Isto acontece depois de Moscovo ter lançado, no início desta semana, um ataque maciço com drones e mísseis contra Kiev, que matou pelo menos 30 pessoas e atingiu mais de 20 locais em toda a cidade.
Forças ucranianas lançaram ataques contra infraestruturas petrolíferas nas imediações da cidade russa de São Petersburgo na noite de sexta-feira, anunciou o presidente Volodymyr Zelenskyy.
Numa publicação na rede social X, Zelenskyy afirmou que a Ucrânia atingiu "infraestruturas portuárias de petróleo que geram receitas para a guerra da Rússia".
"Registaram-se também ataques bem-sucedidos contra Kronstadt, um importante alvo militar. A distância à fronteira estatal da Ucrânia é superior a 850 quilómetros", acrescentou.
Alexander Drozdenko, governador da região russa de Leninegrado, tinha informado anteriormente que "várias dezenas" de drones ucranianos haviam sido intercetados sobre a região, tendo destroços caído sobre o porto de Vysotsk.
As forças russas lançaram, na manhã de sábado, os seus próprios ataques contra a região ucraniana de Poltava, tendo como alvo instalações de produção de gás do grupo Naftogaz, segundo Sergii Koretskyi, diretor executivo da empresa.

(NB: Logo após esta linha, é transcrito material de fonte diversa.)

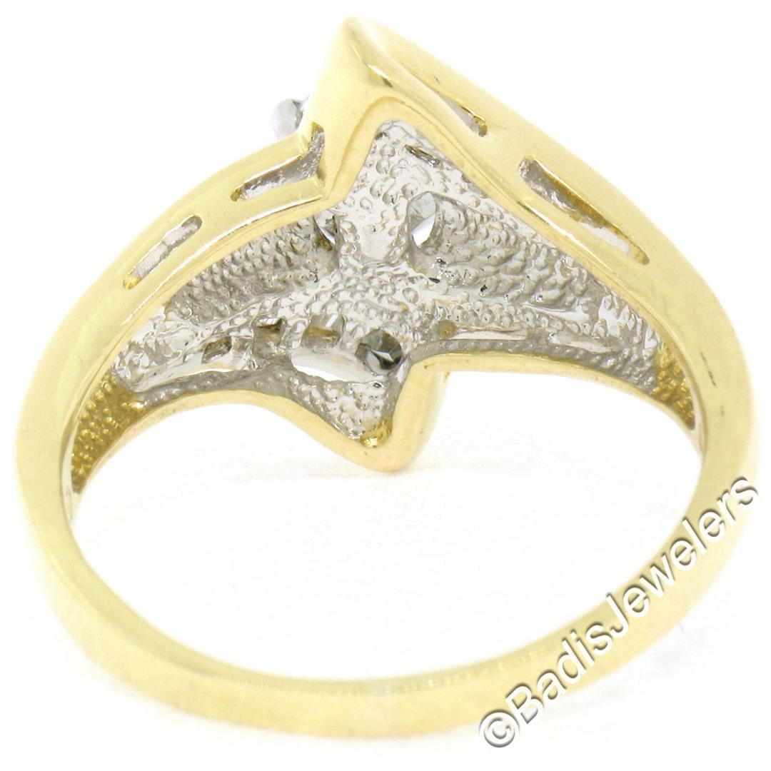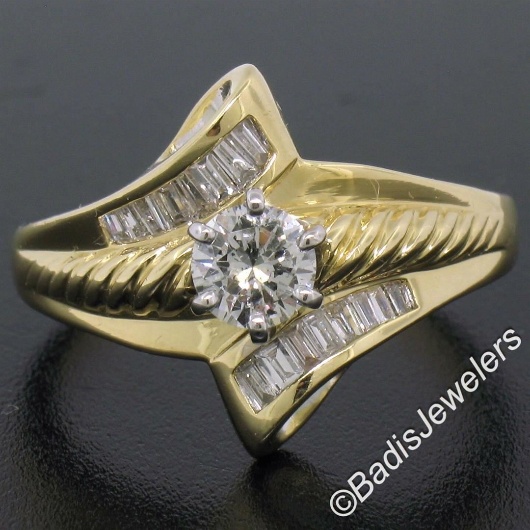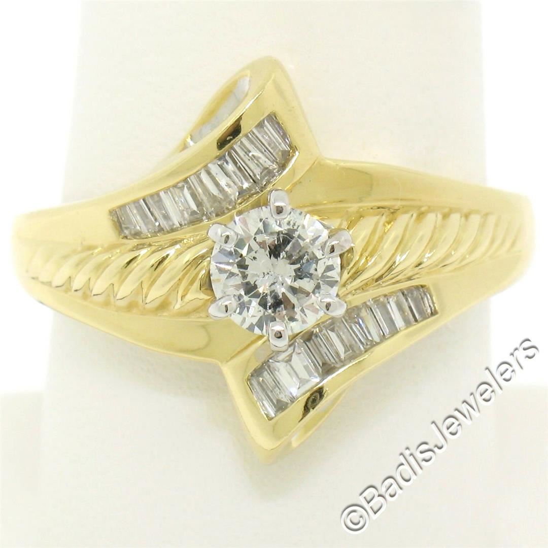 An 18kt yellow and white gold diamond bypass ring with a 0.53ct round solitaire (G - I1) and 0.37ctw of baguettes (G/H - VS2). The ring is size 8.5, weighs a total of 7.5 grams, and measures 16.5mm wide.

"Eclodiu um incêndio no local e as operações na instalação foram suspensas", escreveu Koretskyi no Facebook. "Ainda não é possível avaliar a extensão dos danos".
Os ataques russos atingiram também a cidade de Sumy, onde três pessoas, incluindo uma criança, morreram, segundo o Serviço de Emergência da Ucrânia.
As autoridades indicaram que 27 pessoas ficaram feridas, entre elas sete crianças. Equipas de emergência resgataram cinco pessoas de edifícios danificados.
Na região de Odessa, um ataque russo feriu duas pessoas e incendiou um armazém destinado a produtos alimentares, segundo as autoridades.
Na região de Kherson, ataques russos atingiram as instalações de uma exploração avícola, provocando um grande incêndio num dos edifícios de produção, adiantaram responsáveis locais.
Os ataques ocorrem depois de Moscovo ter lançado, no início da semana, uma vaga maciça de drones e mísseis contra Kiev, que matou pelo menos 30 pessoas e atingiu mais de 20 locais em toda a capital.
O presidente da câmara de Kiev descreveu o ataque como a "ofensiva mais intensa" de Moscovo contra a cidade.
A Força Aérea ucraniana informou que a ofensiva envolveu 570 meios de ataque aéreo, incluindo quatro mísseis Zircon, 24 mísseis balísticos Iskander e 496 drones do tipo Shahed.
Kiev tem visado repetidamente o setor energético russo nos últimos meses, procurando aumentar a pressão sobre o presidente Vladimir Putin e sobre a economia russa.
Os ataques desencadearam uma crise de combustíveis em todo o país, bem como nas zonas ocupadas pela Rússia, com oferta limitada de gasolina.
Ucrânia nega captura de Kostyantynivka
Também no sábado, o porta-voz do exército de Kiev, Andriy Kovalyov, rejeitou afirmações russas de que a praça-forte oriental de Kostyantynivka tinha sido tomada, afirmando que a situação é "difícil", mas que as tropas estão a defender a localidade.
Zelenskyy classificou a alegação russa como uma "mentira", um dia depois do presidente Vladimir Putin ter surgido na televisão em uniforme militar a agradecer às suas forças pela tomada da cidade.
"Os defensores ucranianos continuam a manter as suas posições ao longo das linhas defensivas estabelecidas. A situação permanece difícil, mas está sob controlo das Forças de Defesa da Ucrânia", afirmou Kovalyov.
Reconheceu que as tropas russas tentaram tomar a cidade e conseguiram infiltrar-se nela em pequenos grupos.
"Registaram-se casos de pequenos grupos de infantaria (1–3 militares) que se infiltraram profundamente nas formações de combate das forças ucranianas. Na cidade decorrem operações de contrassabotagem das Forças de Defesa. As forças de ocupação estão a ser detetadas e neutralizadas", acrescentou Kovalyov.
Disse que, na sexta-feira, a Rússia levou a cabo "11 tentativas de assalto", mas que "não conseguiu qualquer avanço".
"O inimigo recorreu à divulgação de desinformação flagrante e de declarações falsas por parte dos seus mais altos responsáveis", afirmou.